Одним из хедлайнеров недавнего летнего книжного фестиваля «Смены» в Казани стала многолетний спецкор ИД «Коммерсантъ» Анна Наринская. Она представила здесь интернет-проект «Главные книги XXI века», а в разговоре с «БИЗНЕС Online» рассказала о своем прозвище — Доктор Менгеле русской литературы, лучшем российском писателе Владимире Сорокине, общественных местах, формирующих сознание людей, и завершении послевоенного проекта памяти.
«ЭТА ИДЕЯ НЕНАВЯЗЧИВОСТИ МНЕ ЗДЕСЬ ОЧЕНЬ ИМПОНИРУЕТ»
— Анна, какую характеристику своим опытным столичным взглядом вы бы дали летнему книжному фестивалю в казанском парке «Черное озеро»?
— Я, конечно, покорена по-настоящему летней погодой, и от этого все вокруг кажется прекрасным. Но, наверное, была бы рада, если бы здесь, в парке «Черное озеро», было больше народа, хотя не могу сказать, что его мало. Просто, вероятно, в Казани еще не выработана традиция посещения подобных событий, когда люди уже заранее планируют: «Так, в такие-то числа у нас книжный фестиваль, не будем эти дни ничем занимать».
Мне очень нравится, что это проходит в парке. Я вообще против звериной серьезности. И то, что человек, просто гуляя, заодно может посмотреть и книжки, — это очень правильно. К тому же это мировая традиция. Мы знаем букинистов, которые стоят вдоль Сены в Париже, став одним из его символов.
И то, что ты можешь стоять и перебирать эти книжки и есть заинтересованные продавцы, которые могут подсказать... Таких книжных магазинов в российских городах очень мало, я знаю, что в Казани есть один такой — «Смена». Даже в Москве таких всего два-три. Так что у нас в стране настоящая беда с книжными магазинами. И дело не только в том, что их мало. Те, что есть, очень плохо устроены в плане навигации. Соответственно, у того, кто идет в обычный большой книжный магазин, есть только два способа совершить там покупку. Во-первых, человек заранее знает, что он хочет приобрести.

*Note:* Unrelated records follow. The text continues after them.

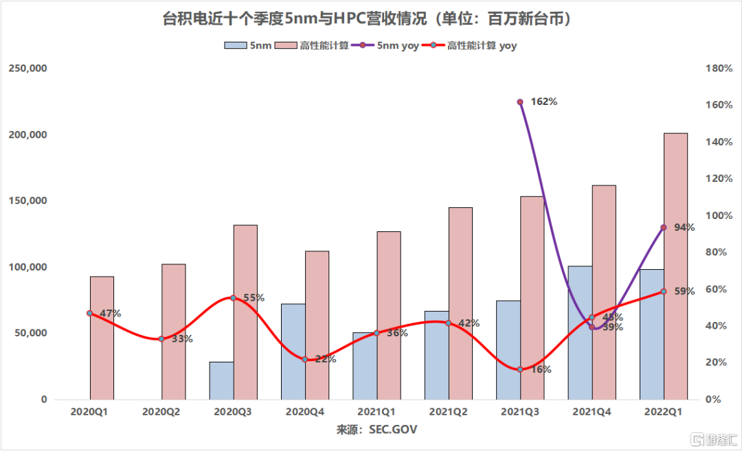 从台积电在高性能计算(HPC)和5nm的发展,可侧面印证HPC的高景气度及制程升级的趋势。此前(3月21日),据DIGITIMES,高举AI大旗的GPU龙头NVIDIA在2022年迎来新旧产品交替期,先进封测供应链人士透露,NVIDIA重兵集结数据中心用高效运算(HPC)芯片,而台积电2022年先进封装CoWoS所需的封装基材与散热材料,订单量暴增约3倍。供应链也传出,NVIDIA内部预计,数据中心 HPC芯片业绩将有年成长上看200~250%左右的高目标,预计其基于新的Hopper架构的数据中心,以及AI芯片解决方案将大大推动这一增长。若进度顺利,NVIDIA新一代计算芯片最快22Q3初出货,采用台积电5nm强化版的新产品可望问世。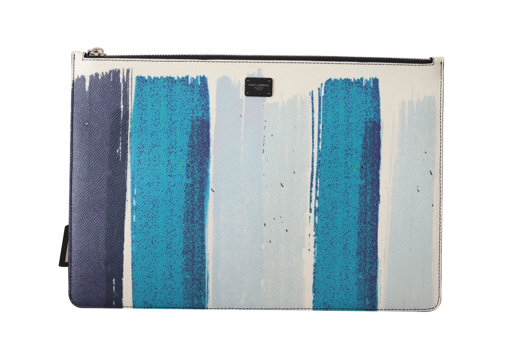 Exude sophistication with this elegant, 100% Authentic Dolce & Gabbana document bag. Perfectly designed for those who appreciate luxury and style, this stunning bag sports a fresh white and blue striped design crafted from the finest leather. Whether for business or pleasure, carry your essentials in this sleek accessory that combines functionality with high fashion. Boasting a zipper closure to secure your items and adorned with the iconic logo, this Italian-made piece is a testament to exemplary craftsmanship and timeless appeal.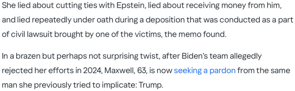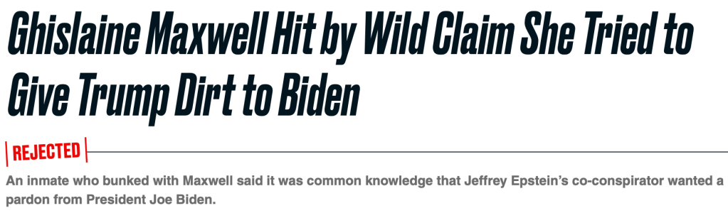 The Daily Beast Article Quoted – https://www.thedailybeast.com/ghislaine-maxwell-hit-by-wild-claim-she-tried-to-give-dirt-on-donald-trump-to-joe-biden/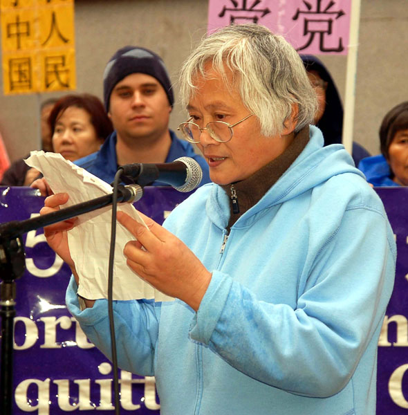 墨尔本民众举行声援一千七百万勇士退出中共的集会 图为刚逃离大陆的法轮功学员孙莲芝女士发言揭露中共的迫害2006-1-13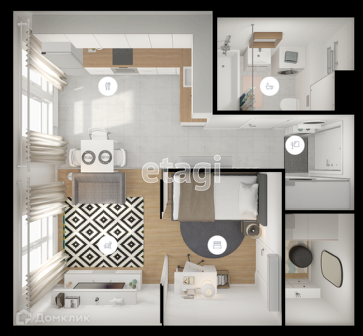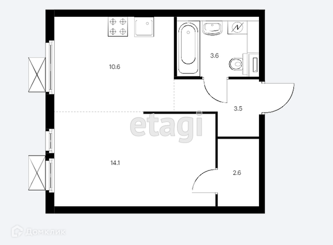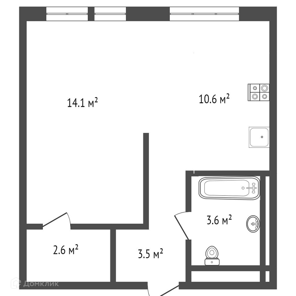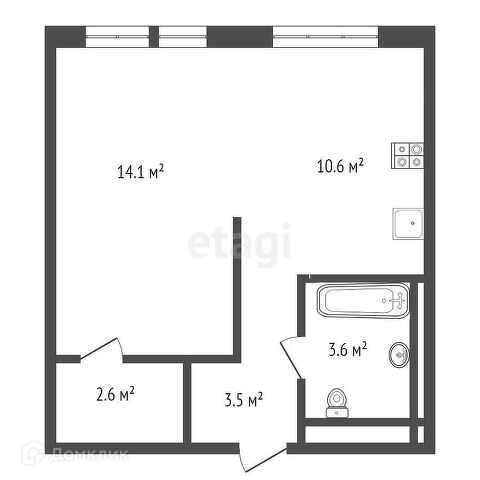 Общая площадь 34.4 м2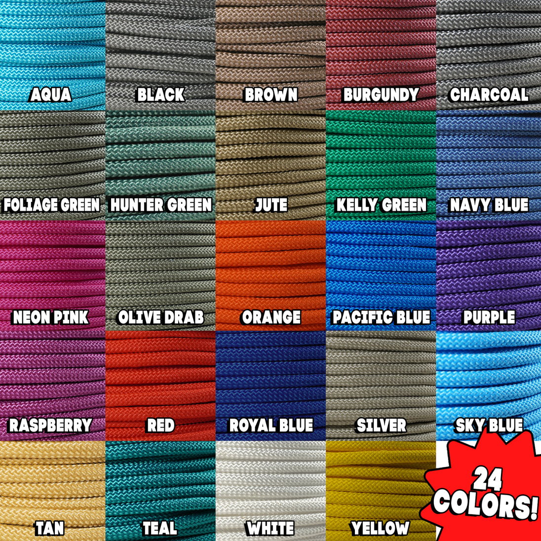 • DIMENSIONS: 1/4" Utility Rope - Choose from 50, 100, or 300 feet. Available in 24 colors: Aqua, Black, Brown, Burgundy, Caribbean Blue, Charcoal, Coyote Brown, Foliage Green, Hunter Green, Kelly Green, Navy Blue, Neon Pink, Olive Drab Green, Orange, Purple, Raspberry, Red, Royal Blue, Silver, Tan, Tarheel Blue, Teal, White, Yellow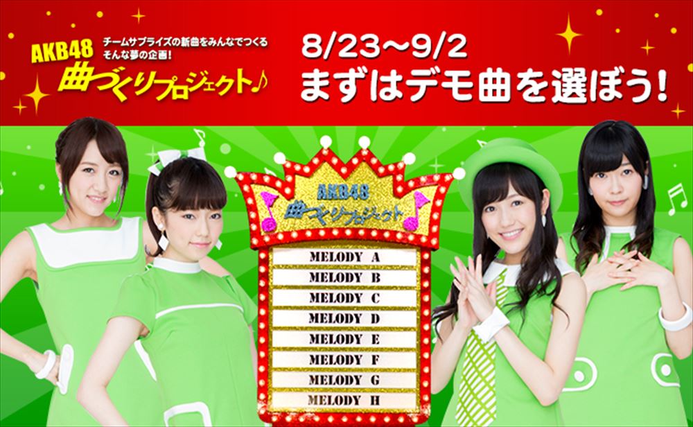 8月23日より、AKB48がファンとともに”チームサプライズ”の楽曲を作る「AKB48曲作りプロジェクト」のデモ曲選択がスタートする。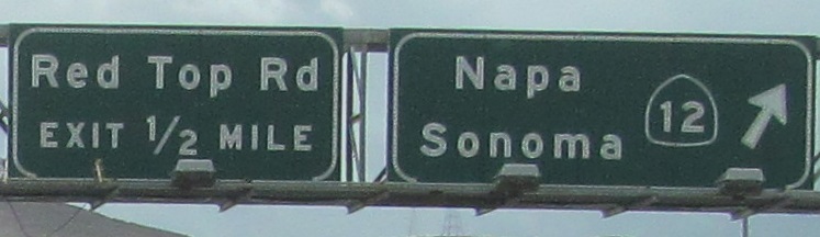 A passel of WB signs back into Vallejo. The 2nd/3rd and last two photos are left and right on the same structure, while the 3rd from last is the only button copy at Exit 33B among other signs.
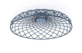 Appareil suspendu à éclairage diffus. Le dôme est une combinaison d'éléments lumineux et sombres disposés en réseau et formés de structures centrales recouvertes d'un mince maillage tubulaire coloré entrelacé fabriqué à partir de tissu recyclé et recyclable produit à partir de polyester. Chaque élément lumineux est alimenté par des micro-connecteurs spéciaux situés dans la partie supérieure de la coupole et est recouvert d'un maillage bicolore, tandis que la face tournée vers l'intérieur de la coupole est toujours blanche afin de permettre une émission lumineuse optimale depuis le Module LED. L'appareil est équipé d'un système d'équilibrage intégré au sommet du dôme qui permet d'ajuster son équilibre, le rendant ainsi parfaitement stable. Le bas du dôme est complété par un anneau en aluminium qui maintient toute la structure du réseau des dômes en place grâce à un simple système d'encliquetage. Le produit est assemblé sans colle, il peut donc être entièrement séparé pour être recyclé ultérieurement et en cas de réparation ou de remplacement. Finitions de lampe disponibles : Bleu Tourmaline, Amande, Anthracite ou Rouge Brique. Equipé d'une électronique intégrée qui permet l'utilisation de différents systèmes de variateur : 0-10V / 1-10V / DALI / PUSH."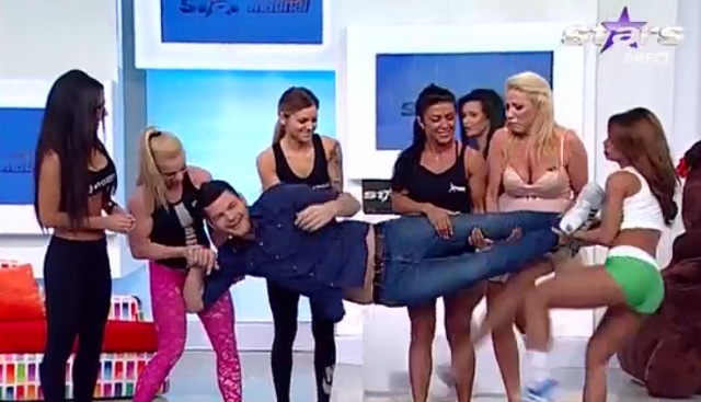 Pentru a demonstra că sunt puternice, domnişoarele tonifiate l-au ridicat pe Răzvan Botezatu, adică o greutate de aproximativ 100 de kilograme.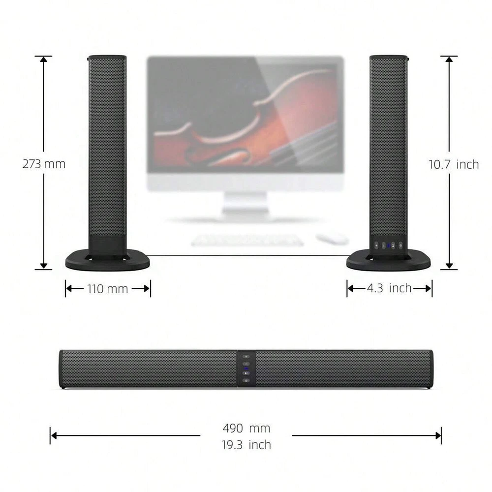 Feature: Innovative Detachable Design The detachable speaker design gives you the versatility in placing one speaker in a horizontal layout at the base of your TV or as two separate free standing vertical speakers. Louder and Crisper Enjoy a louder and crisper audio experience which your TV can't deliver. Wired or Wireless Connections Compatible with your TV, Phone, Laptop, Echo thanks to Bluetooth or wired connections that include 3.5mm audio cable, USB, RCA cable, also with TF card playing function. Flexibly Placing Fashion and portable design suits any home decoration. Bluetooth input and TF card input for savoring your stereo music good time everywhere. Easy to Control and Operate It features LED indicator light and sensitive button, much easier for users to operate. 4 Full Range High Quality Speaker Completes your home theatre system and brings the great bass, provides you a loud and clear surround audio experience in the bedroom and living room. Function: Use Bluetooth V5.0 version USB interface, U disk audio input function TF card audio input function 3.5mm audio input FM radio function Adopt Type-C charging port Can control the volume addition and subtraction Can control the song up and down Can control the pause and play of songs Connect to computer and TV Specification: Bluetooth version: 5.0 SNR: -80dB Output power: 5W x 4 Frequency response: 20Hz - 20KHz FM Frequency:87.5Hz-108Hz Transmission power: 1.49mW Transmission frequency: 2.48GHz Bluetooth distance: 8 - 10m Charging time: 2 - 3 hours Standby time: 120 hours Charging plug: TYPE-C Charging voltage: 5V/1A Bluetooth profiles supported: A2DP, AVRCP, HSP and HF Battery Capacity: 2000mAh (built-in) Package weight: 2.7lbs Product Size(L x W x H): 40 x 14.5 x 7cm Scope of Application: Smart Devices with Bluetooth, TVs, Computers, etc. Package List: 1 x Speaker 2 x Base 1 x USB Cable 1 x RCA Cable 1 x Audio Cable 1 x User Manual in English

Во-вторых, он смотрит на то, что называется приоритетной выкладкой, — когда книжки лицом стоят и ты находишься в плену этих предложений. А на казанском фестивале все устроено по-другому — люди могут увидеть, полистать и купить совершенно неожиданные для себя книги. Это мне кажется прекрасным.
Что касается лекционной программы — то же самое, на мой взгляд: очень важна ненавязчивость. Если люди во время моей лекции немного посидели, послушали, а потом ушли, это нормально. Ты пришел погулять, что-то послушать, что-то купить... В общем, вот эта идея ненавязчивости мне здесь очень импонирует.
— А советы какие-нибудь дадите организаторам?
— Здесь можно сделать многое, связанное с модным словом «диверсификация». Книги и литература давно уже не являются такой вещью в себе. Да, здесь с лекцией выступал композитор Леонид Десятников, потом был его концерт в Ратуше. Но мне кажется, что программа должна включать в себя еще больше таких некнижных вещей.
Я бы шла по этому пути, потому что сейчас именно на пересечении литературы и других видов искусств зреет очень много самого интересного. Я недавно в Москве видела спектакль, который поставили поэты Андрей Родионов и его жена Екатерина Троепольская. Они поставили — я даже не знаю, как это назвать, — читку или спектакль под названием «Честихи: любить» по стихам современных поэтов. Это было одно из самых убедительных зрелищ, имеющих отношение к словам, которое я за последнее время видела. Причем это имеет отношение к современным поэтическим текстам, которые люди знают довольно плохо. Поэтому я считаю, что нужно идти именно в сторону подобных мероприятий. Это бы дало другую глубину всему здесь происходящему.
«СОВРЕМЕННЫЕ ИДЕИ УКОРЕНЕНЫ В НЕКИХ ТЕКСТАХ, НО И САМИ ТЕКСТЫ ТОЖЕ УКОРЕНЕНЫ В НЕКИХ ИДЕЯХ»
— Здесь, в Казани, вы презентовали свой проект «Главные книги XXI века». В чем его суть и особенности?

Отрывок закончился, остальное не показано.